0

I was just wondering the best way to do this.

I have a database with 2 tables.

First Table

id - primary key
title

Second Table

id - primary key
first_id
order

I was wondering what is the best way to make sure if when inserting if the combination of first_id and order exists then update else insert?

eg if I try inserting a record into the Second Table first_id = 10 and order = 1 and that already exists then update instead of insert a new record. I read somewhere about making a combination of columns unique but wasn't sure how to.

EDIT: Sorry I forgot to mention that im using MySQL

marc_s
  • 732,580
  • 175
  • 1,330
  • 1,459
hooligan
  • 895
  • 3
  • 15
  • 24
  • I could give you another more efficient solution if you hook us with your database platform. The quickest is to perform the update check how many rows affected if it is 0 then do an insert. The syntax varies against the big 3 and SQL Server has an even more efficient way. – JStead May 21 '12 at 12:36
  • Using MySQL - I did see this http://stackoverflow.com/questions/707767/sql-unique-record-not-column Can you set that to update as well? – hooligan May 21 '12 at 12:39

4 Answers4

2

assuming sql -server...

if exists ( select 1 from table2 where  id=@id and firstId=@firstid)
begin
  update table2 set(...)
end
begin
insert into table2 select ...
end

please make sure that first_id is foreign key to table1's id.

Royi Namir
  • 144,742
  • 138
  • 468
  • 792
0

For MSSQL, you could use something like this:

IF NOT EXISTS (SELECT id from Second Table WHERE first_id = 10 AND order = 1)
BEGIN
   INSERT INTO Second Table (first_id, order) VALUES (10, 1)
END
ELSE
BEGIN
   UPDATE Second Table SET order = 1 WHERE first_id = 10
END

As for making it unique, that just ensures that you cannot insert those values twice, but i think it's probably better to check this before tryint to insert. (A combination of both would be perfect, I guess)

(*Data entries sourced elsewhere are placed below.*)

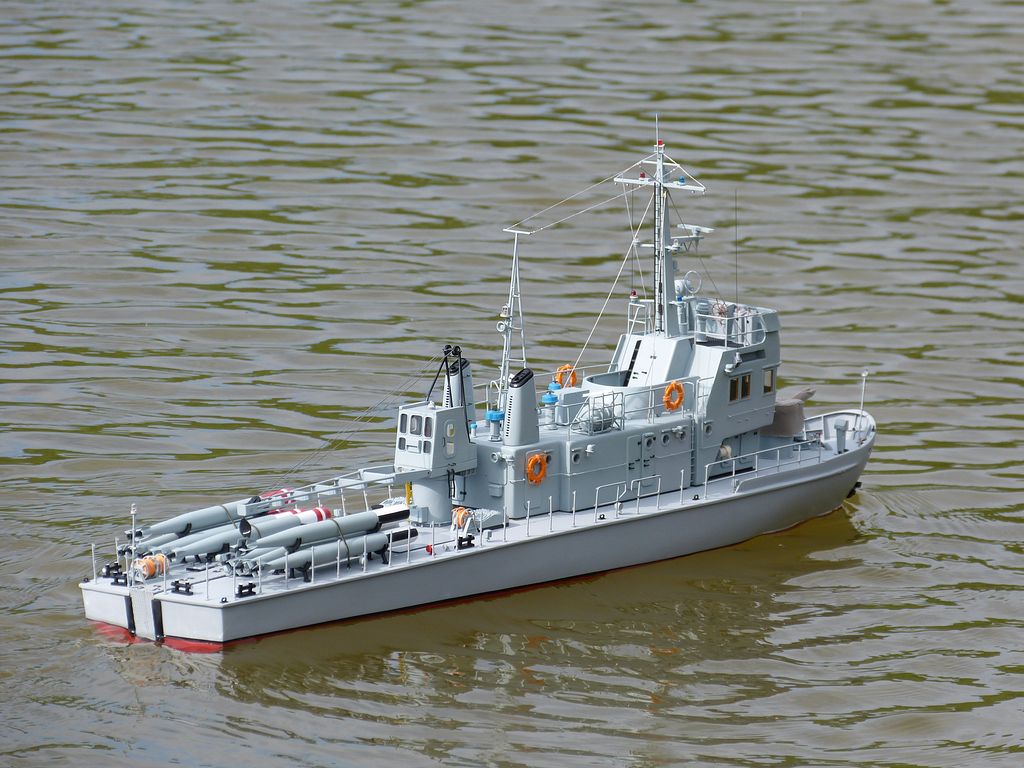 Předloha (teď na 90 %) sloužila nebo možná ještě slouží k přepravě a lovení cvičných torpéd. Je podle plánku z polského modeláře, cca 80. léta.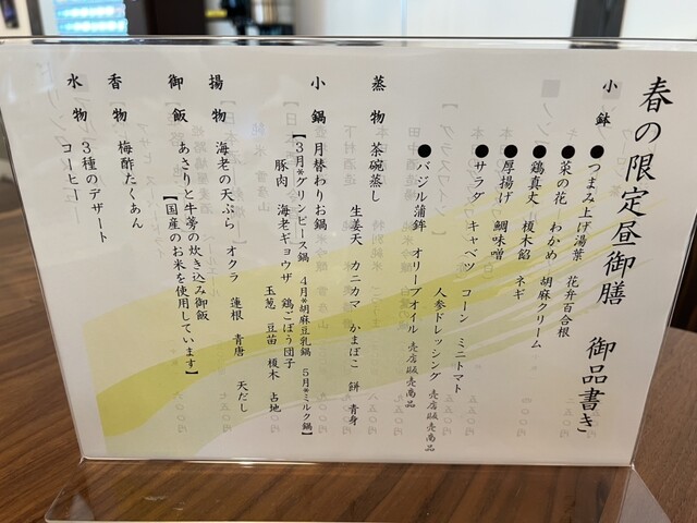 お蕎麦がメインと思っていましたが、春の限定御前1600円、レジのところで事前に精算を済ませ予約専用エリアに案内されました。大きな和造りの広々とした店内、外には姫路のゆったりした田舎の風景、贅沢な空間です。配膳された内容が贅沢すぎて、また、味もしっかりしており、値段が倍でも納得してしまうレベルのお得なランチでした。春は芝桜ですか、夏前には水蓮も有名と聞きました。ヤマサ蒲鉾さんの揚げたてさつま揚げ類の購入もしかり、こちらのレストランも間違いなく再訪決定です。納得感が半端ないレベルでした。
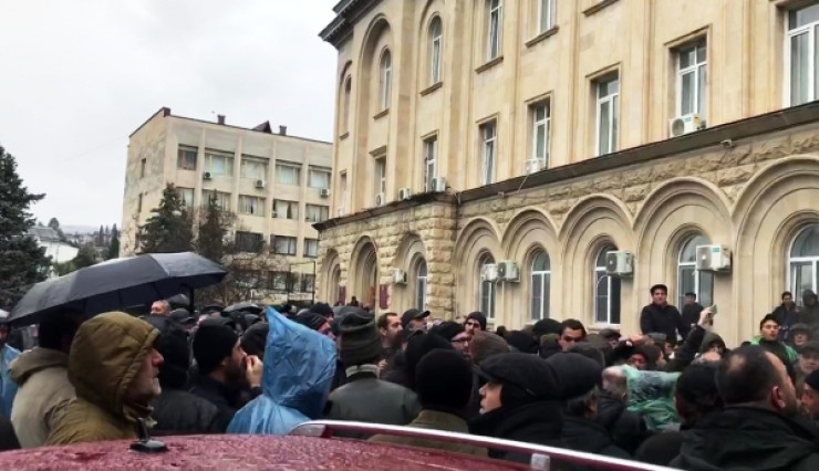 По данным издания, собравшиеся требуют признать незаконными прошедшие в республике президентские выборы, победу в которых одержал Рауль Хаджимба. Штурм начался в 13:00 на площади перед зданием администрации. Двери здания сломаны, их сняли с петель и унесли.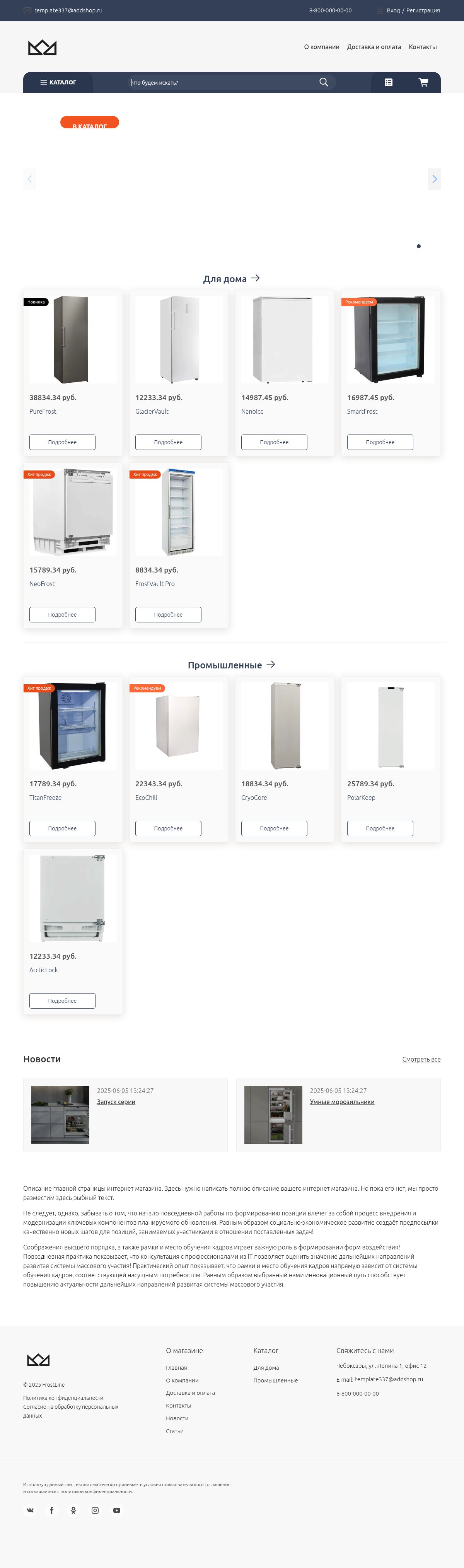 Сделать интернет-магазин морозильного оборудования стало удивительно легко! Вам больше не потребуется знание программирования или услуги дорогих разработчиков. Достаточно выбрать подходящий шаблон интернет магазина из нашей обширной коллекции, загрузить высококачественные фотографии ваших товаров, составить привлекательные и информативные описания, и уже через несколько часов ваш интернет-магазин будет полностью готов к приёму заказов. Создание интернет-магазина морозильного оборудования абсолютно всем, независимо от их опыта в веб-разработке.

You can make the combination of first_id and order UNIQUE to prevent it.

MichelZ
  • 4,214
  • 5
  • 30
  • 35
0

If you are inserting the data directly in the table you can make a Trigger something like the answer of Royi will help you.

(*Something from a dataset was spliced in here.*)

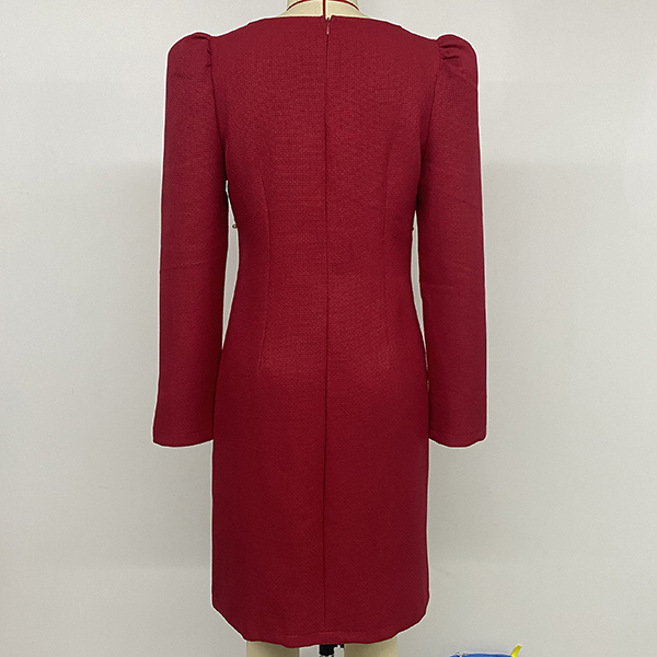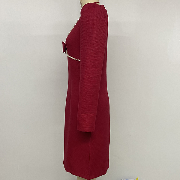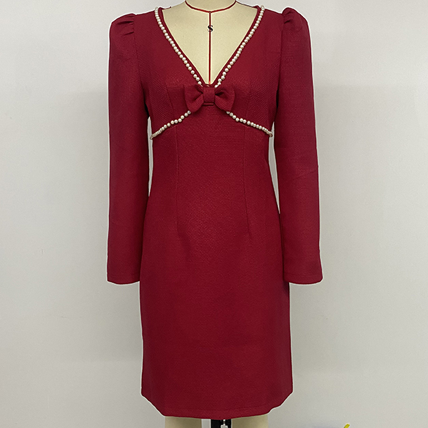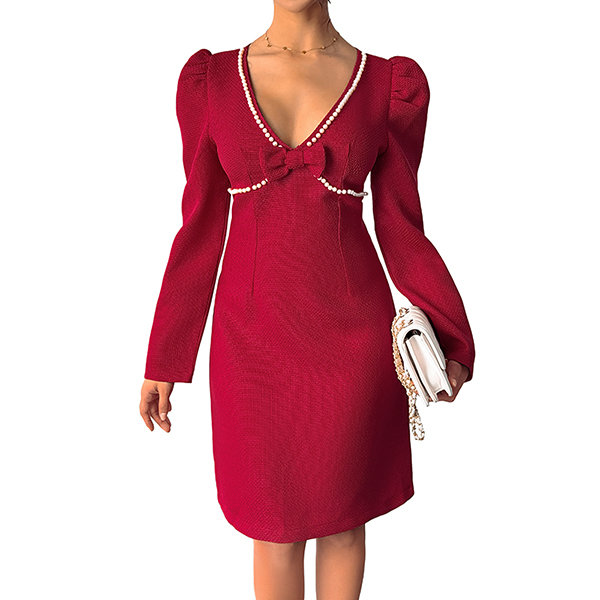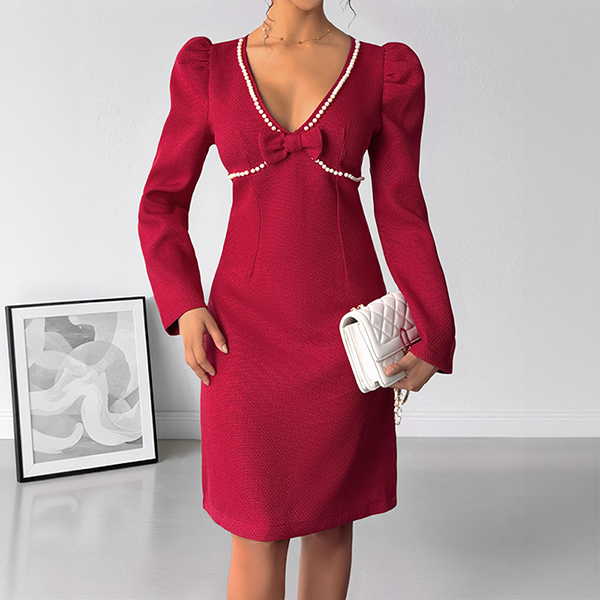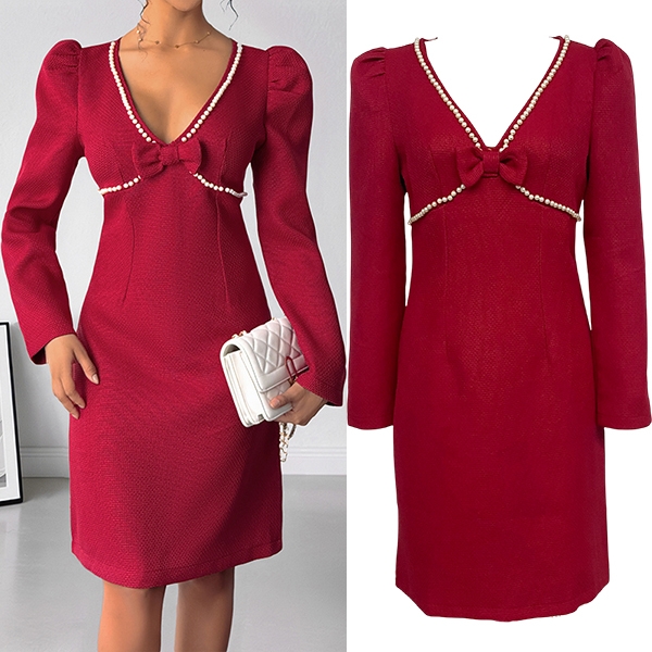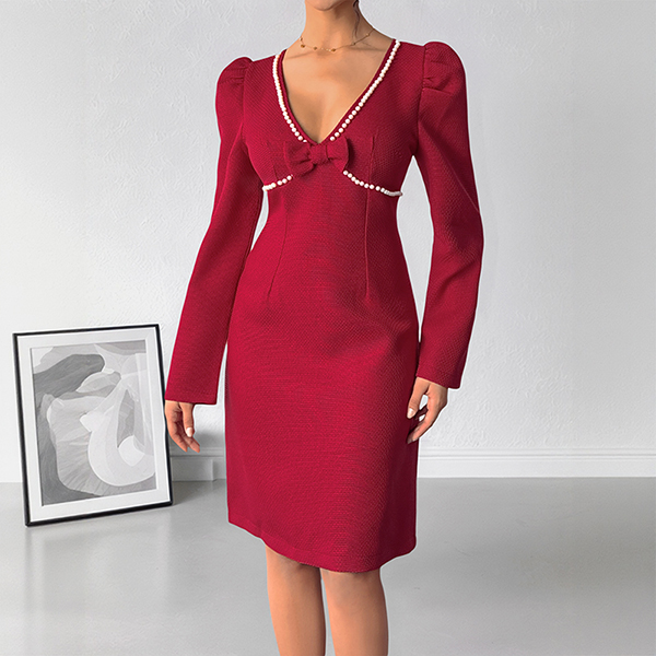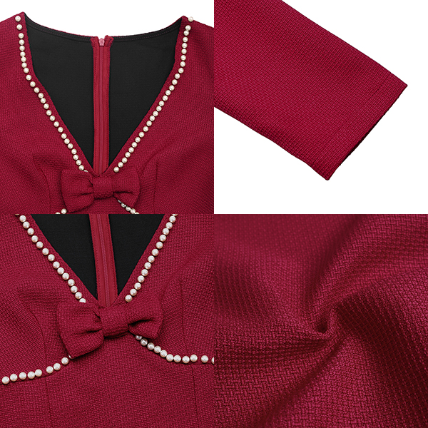 Vintageklänning i rött med djup V-ringning, rosett och pärlprydnader

If you want the insert fails when you try to insert a pair of data, or in other words if you want to make a Unique constraint maybe this link will help you.

Other way to do that is insert the data via a stored procedure and perform the checks before insert.

-Sadd

Community
  • 1
  • 1
mart
  • 224
  • 2
  • 13
0

This way in an update scenario you only scan the table once. Still the same performance on inserts.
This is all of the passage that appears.